ITEM 2. | IDENTITY AND BACKGROUND. |
Item 2 of this Schedule 13D is hereby amended to include the following information:
NantWorks LLC, a Delaware limited liability company (NantWorks), is joining Dr. Soon-Shiong and California Capital as a joint filer of this Schedule 13D.
The principal business of NantWorks is the convergence of next generation machine vision, object and voice recognition technologies, ultra-low power semiconductors, supercomputing, and advanced networks for the purpose of bringing the digital revolution to healthcare, commerce and digital entertainment to an entirely new level.
The principal executive office of NantWorks is located at 9920 Jefferson Boulevard, Culver City, California 90232.
During the last five years, NantWorks has not been convicted in a criminal proceeding (excluding traffic violations or similar misdemeanors). During the last five years, NantWorks has not been a party to a civil proceeding of a judicial or administrative body of competent jurisdiction as a result of which NantWorks was or is subject to a judgment, decree or final order enjoining future violations of, or prohibiting or mandating activities subject to, federal or state securities laws or finding any violation with respect to such laws.
ITEM 3. | SOURCE AND AMOUNT OF FUNDS OR OTHER CONSIDERATION. |
Item 3 of this Schedule 13D is hereby amended to include the following information:
On September 12, 2012, NantWorks and the Company entered into a joint venture to exploit NantWorks patented recognition technologies in conjunction with toy and consumer products. In connection with such joint venture, the Company issued to NantWorks a warrant (the Warrant) exercisable for 1,500,000 shares of Common Stock at an exercise price of $16.2823, subject to customary anti-dilution and other adjustments set forth in the Warrant. The Warrant is exercisable immediately and expires on September 12, 2017. The foregoing description of the Warrant is a summary only and is qualified in its entirety by the actual text of the Warrant. A copy of the Warrant is included as Exhibit 3 to this Schedule 13D and hereby incorporated by reference in its entirety in response to this Item 3.

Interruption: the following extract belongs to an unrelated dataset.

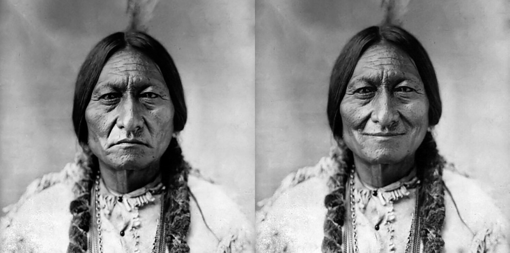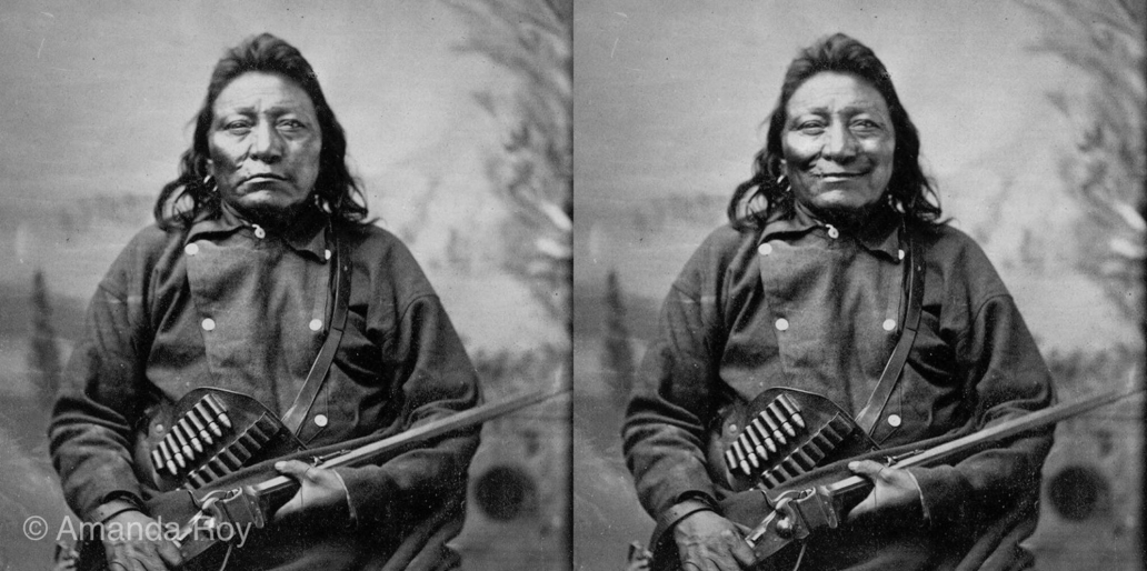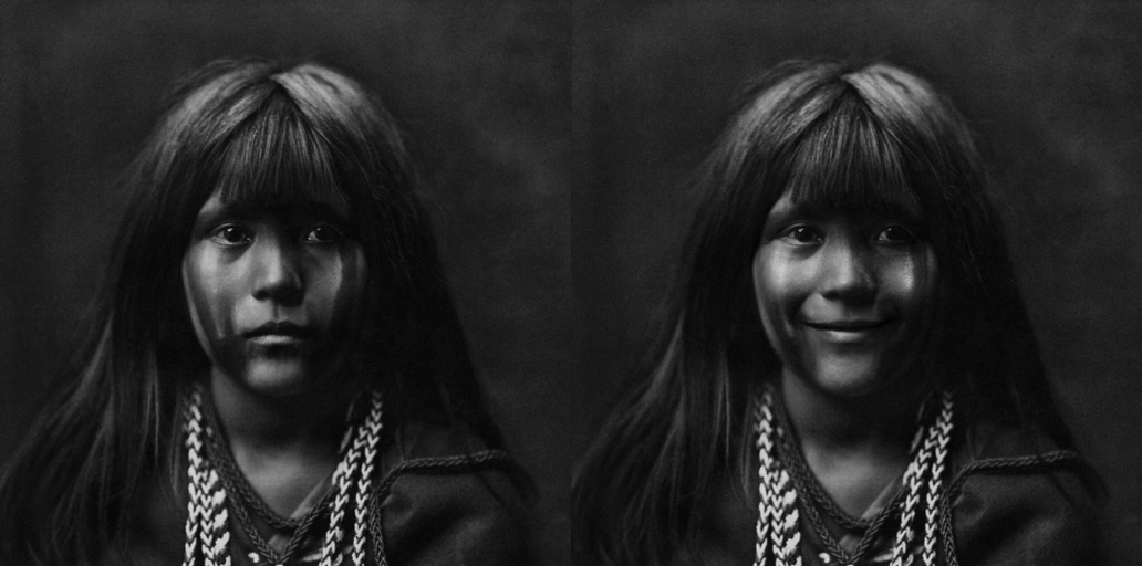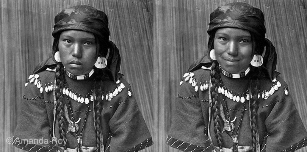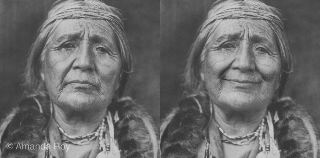 En 1906, J.P. Morgan a engagé le photographe américain Edward Curtis pour créer une série de portraits documentant le NDN* américain. Pendant plus de cinq ans, Curtis est parti avec son appareil photo, des malles d’accessoires et des regalia, et a voyagé dans les communautés, mettant en scène des modes de vie autochtones fortement idéalisés. Dans presque toutes ces photographies, Amanda Roy a remarqué que les expressions faciales des modèles n’étaient composées que de regards tristes et de froncements de sourcils.
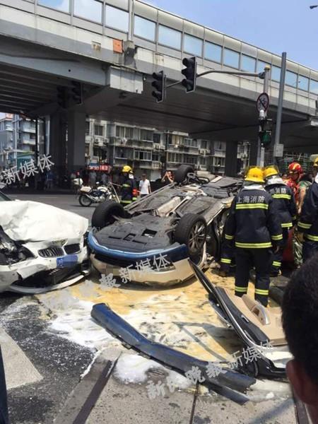 上海中山南路一宝马与警车相撞 两名警员受伤(图)

ITEM 4. | PURPOSE OF TRANSACTION. |
Item 4 of this Schedule 13D is hereby amended to include the following information:
NantWorks acquired the Warrant for investment purposes.
CUSIP No. 47012E106 | SCHEDULE 13D | PAGE 6 OF 9 PAGES |
ITEM 5. | INTEREST IN SECURITIES OF THE ISSUER. |
Items 5(a) and 5(b) of this Schedule 13D are hereby amended and restated as follows:
The following calculations of percentage ownership of the outstanding Common Stock are based on 22,306,338 shares of Common Stock outstanding as of May 9, 2013, as reported in the Form 10-Q filed by the Company with the SEC on May 10, 2013.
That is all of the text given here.